Дворец Альдобранди, отрезанный от города пустырями, где угадывались остатки некогда украшавших его садов, возвышался как бы на кончике одного из пальцев раскрытой руки, и его отшельническое расположение справа от прохода в лагуны и в конце расширенного канала показалось мне симптоматичным, выдающим недоверчивый нрав главы рода, построившего его по своему образу. Эта летняя резиденция, словно в насмешку брошенная к бьющимся в лихорадке водам, чем-то напоминала укрепленный феодальный замок, Отделенный от песчаной косы узким фарватером с перекинутым через него деревянным мостом, он удлинял на берегу канала низко расположенные линии накренившегося над водой мола, в самом конце которого стояла одна из тех прямоугольных сторожевых башен, узких и устремленных вверх, что служат в Орсенне приметой благородных дворцов периода расцвета. В слабом свете луны, сглаживавшем детали, жесткие, военные линии дворца казались прочным фундаментом, напоминали солидность и массивность скамейки, земляной насыпи, торчащей, подобно зубу, из зыбкого ила. В то время как низкие аркады извергали вровень с землей, подобно какой-нибудь печной топке, пучки яркого света, верхняя галерея здания, спящая глубоким сном под лунным сводом, тянулась от края до края, как глухая повязка на глазах, оставляя впечатление враждебности, сдерживаемого в темноте дыхания.
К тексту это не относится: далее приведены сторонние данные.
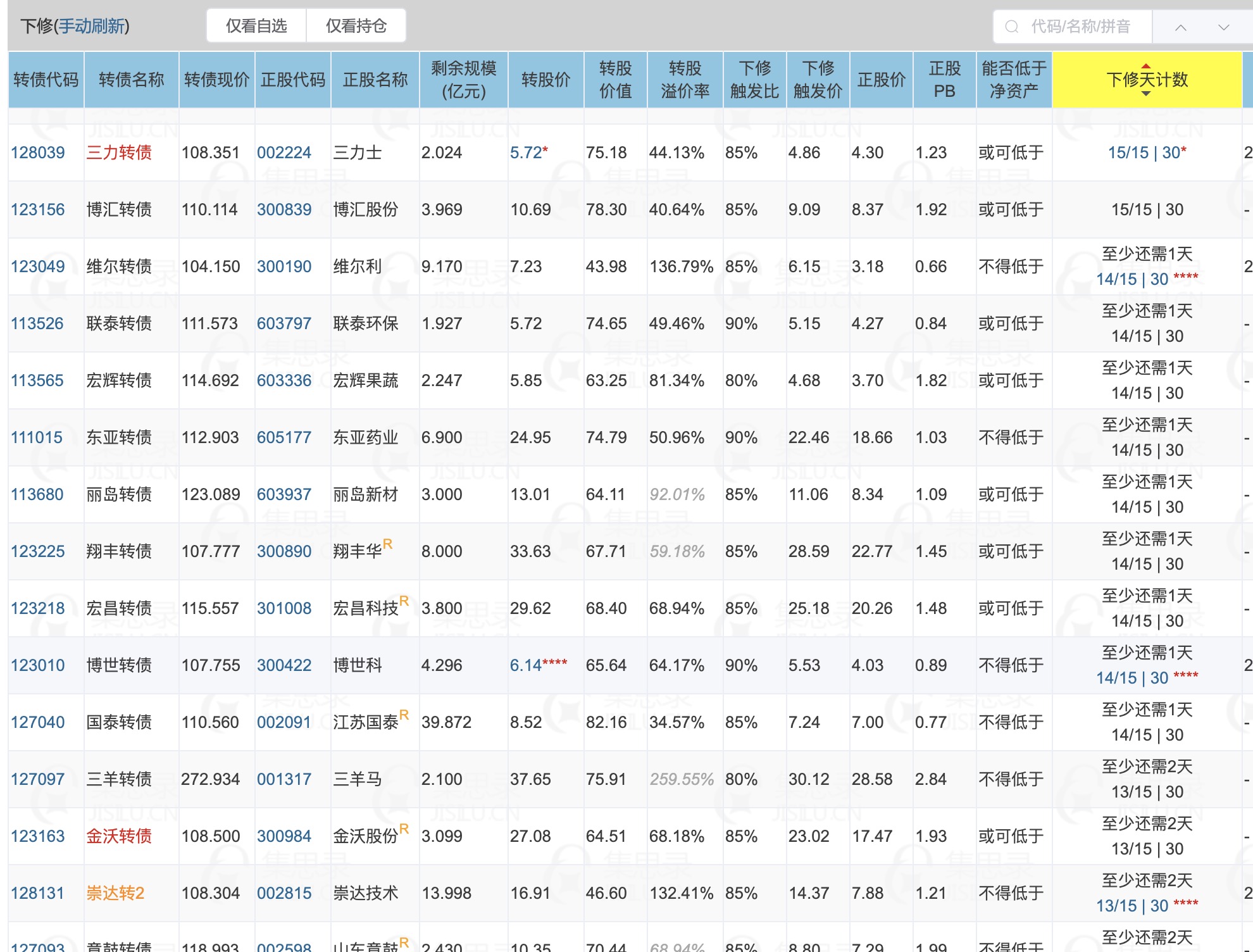 明天猜三个转债提下修,博世转债,宏昌转债,东亚转债,维尔转债也有可能下修或者两个月不下修。博世快到期了,已经下修四次,再冲一把,不能学岭南开摆;宏昌和东亚刚进入转股期,修一下卖个高点的价格。感悟:赌临期下修的概率会比较高,但要排除有面退风险的,例如最近的山鹰,岭南,在1.X元的生死关头面前公司会选择不下修先保命。。。。博世股价4元有一定的下修概率,但最多只能下修到转股价值94元(PB限制),即便下修油水不多,如果下修失败有可能跌1元,盈亏比不是太好。。。打算采取冲高获利了结的策略。

Праздник уже явно миновал свой пик. Его лихорадка спала. Возгласы, доносившиеся от отдельных групп, звучали с тем придыханием одышки и в том равнодушном тоне возврата к покою, которые слышатся в оживленных еще уличных беседах очевидцев спустя некоторое время после несчастного случая. Я поприветствовал Марино не без тени смущения и постарался не отвечать на его хитрый взгляд. Капитан пребывал в весьма хорошем настроении, что я отнес на счет благоприятных итогов утренних переговоров с фермерами. Все же я был несколько удивлен тем, что он с непривычной для него фамильярностью схватил меня за руку и что потом, когда мы медленно ходили между группами гостей, он, как мне показалось, прислушивался к обрывкам доносившихся до нас разговоров. Я видел на его лице то же самое выражение настороженной проницательности, которое приметил у него на мостике «Грозного», когда он нащупывал путь между мелями, и вдруг я понял, что в действительности он гораздо более озабочен, чем мне показалось вначале.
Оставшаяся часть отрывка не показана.